The one debt I have is for a buy to let house which I bought in 2006 for 240,000. If it could be sold now it might make 140,000. I owe about 165,000 on it . It's rented for 500 pm and the mortgage costs about 850 pm

Now the question is should i pay 30,000 off the capital and continue letting the house and keeping it as an investment that my make a return over the next 5 years  ?       or try and sell the house and throw the 30,000 with it to finish paying the mortgage?   or put the 30 grand into the post office or shares or anything else ? 
Thanks again for any advice


----------



## Palerider (11 Oct 2013)

I would not pay off the capital, once done that cannot be undone and it is a nice amount of cash that may be difficult for you to accumulate in the future, interest rates are however poor but that is just for now.


----------



## Marc (12 Oct 2013)

Do you only have 30k in savings and investments?


----------



## pingin2 (13 Oct 2013)

Thanks for the replies .
No Marc this is outside of my nest egg . It's sitting waiting for direction


----------



## Marc (13 Oct 2013)

Ok then I would seriously consider selling the property and crystallising a tax loss of €100,000. However you need to consider if this is the best option for you. For example, are you on a tracker mortgage? What is the interest rate and remaining term of the loan?
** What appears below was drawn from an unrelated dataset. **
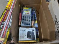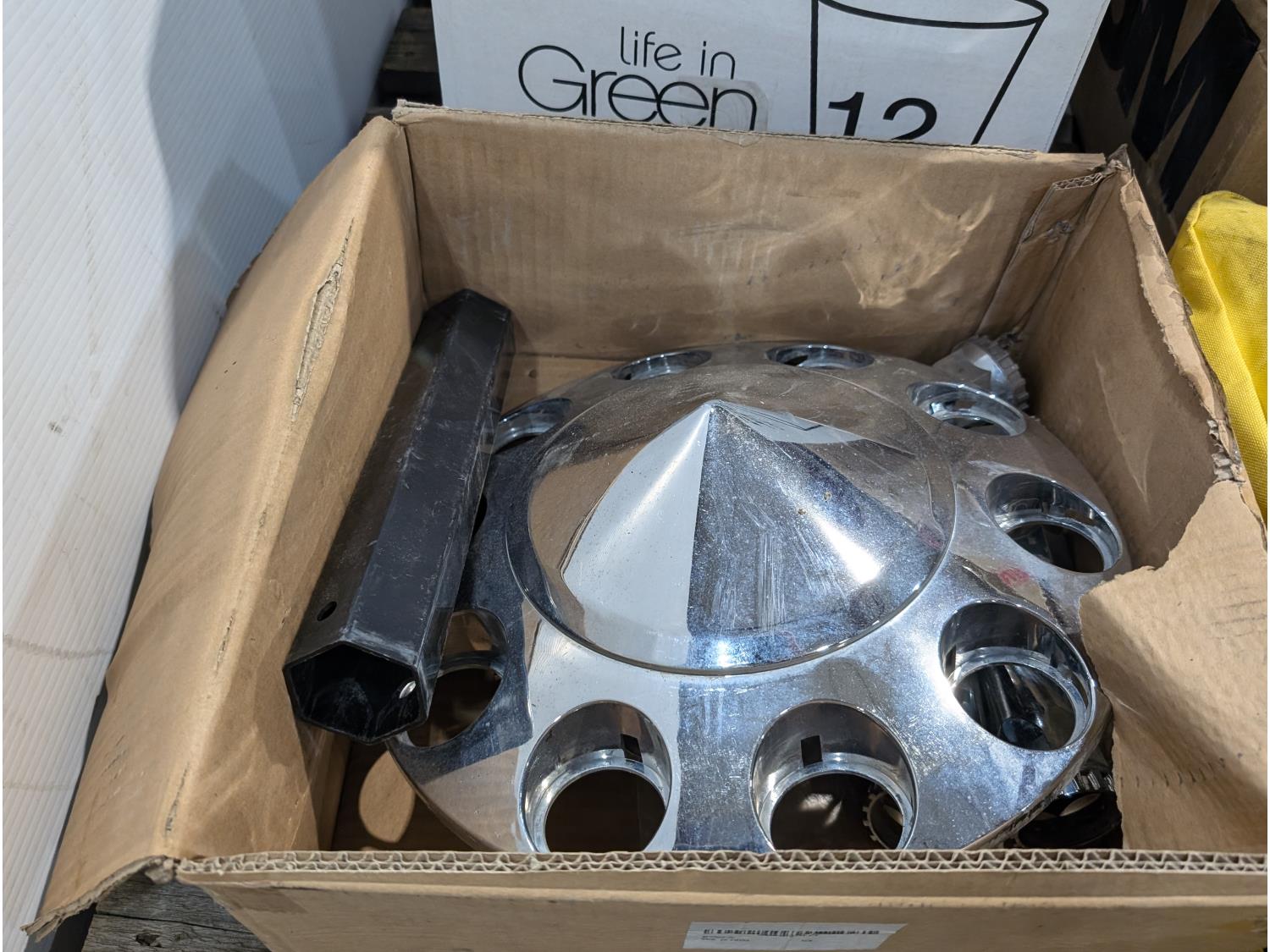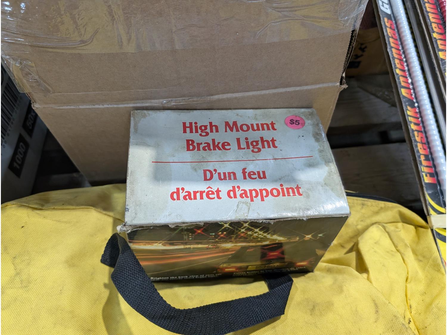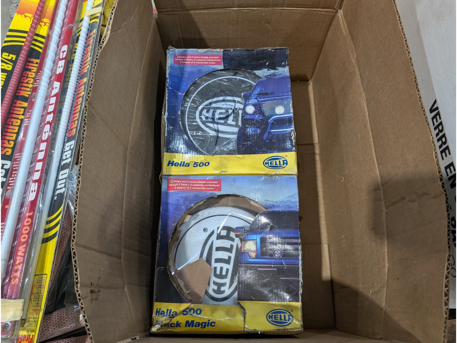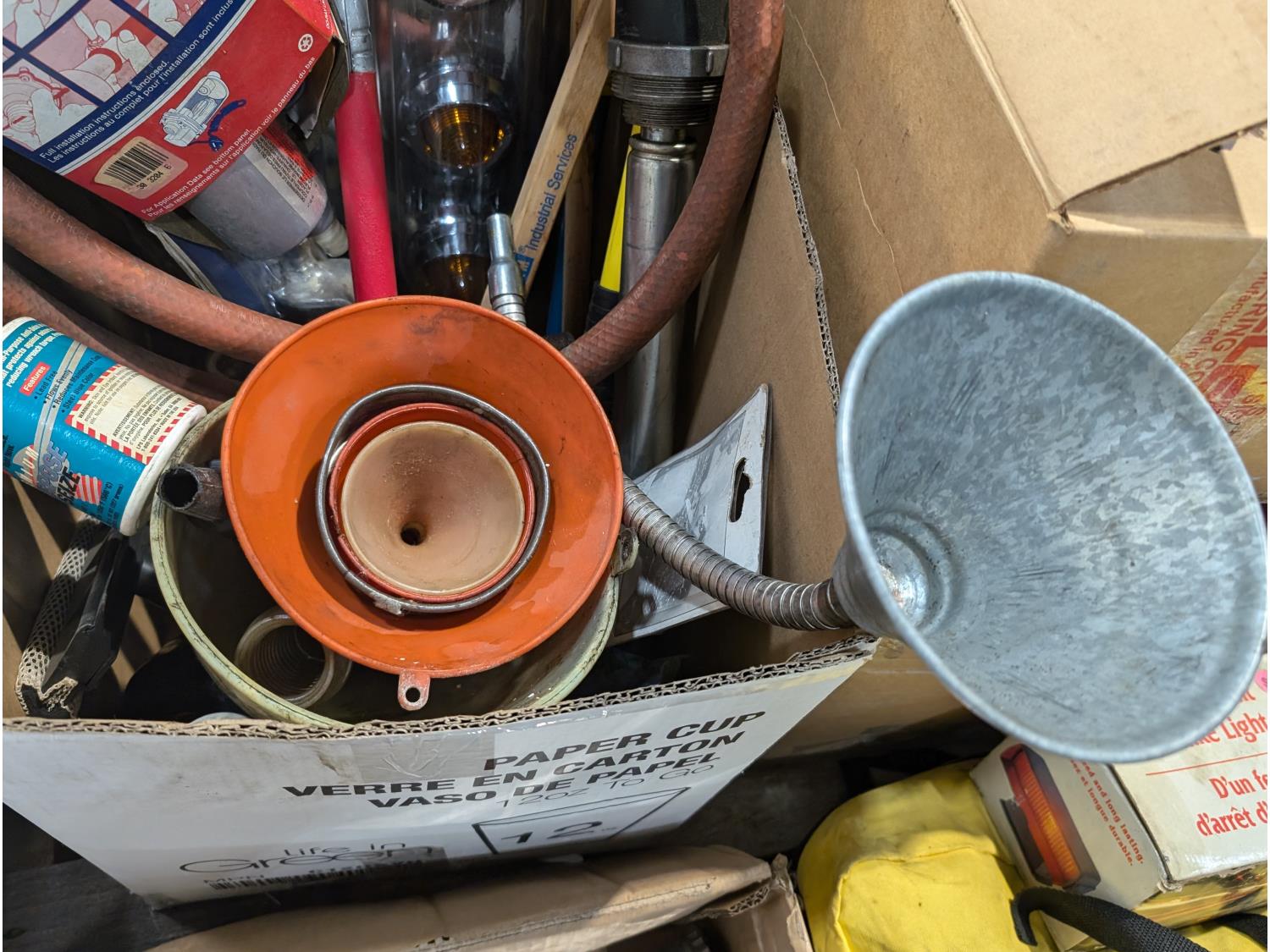 Spill kit, high mount brake light, CB antennae, squeegees, warning triangle, battery tester, headlamps, funnels, air cleaner light assembly
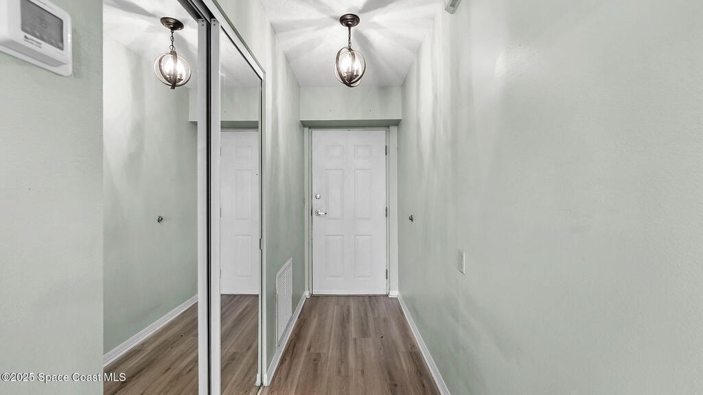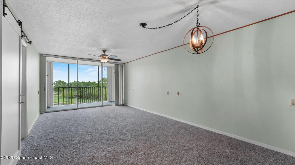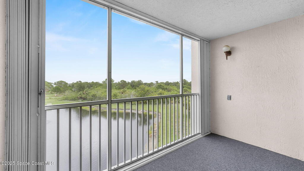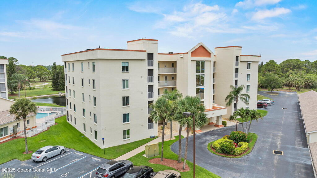 Quiet 4th-floor 2-bedroom, 2-bath condo with detached 1-car garage in the desirable 55+ Carmel Community. Bright unit features hurricane-impact windows and shutters, new flooring, quartz kitchen, stainless steel appliances, laundry hookups inside unit, nearby trash chute, and a screened balcony with peaceful pond views. Enjoy truly low-maintenance living with a most-inclusive HOA covering water, sewer, trash, cable, internet, Disney+, insurance, lawn care, pest control, and exterior maintenance. Community offers a clubhouse, pool, fitness center, library, billiards, and social activities. Milestone inspections complete and elevators updated. Convenient to Viera shopping, dining, medical facilities, trails, beaches, I-95, and less than an hour to Orlando.

Your rental yield is only 4.3% so you are taking on a big risk here with a geared rental property for the income you are getting. You would need a fantastic mortgage deal to make keeping the property attractive.

If you could find a buyer then for the property then it would be possible to restructure your existing investments so that you could make tax fee gains until you use up the 100k loss.

Hope that helps


----------



## Brendan Burgess (13 Oct 2013)

_ misleading calculations, due to a misreading of the original post, deleted_





> you are taking on a big risk here with a geared rental property


There is a risk, but he can comfortably handle the risk 


state pension
€30k cash
owns his home mortgage free

If he was starting out again, I would not recommend investing in   property as he already has a house, but if he has a cheap tracker, it might be worth keeping. 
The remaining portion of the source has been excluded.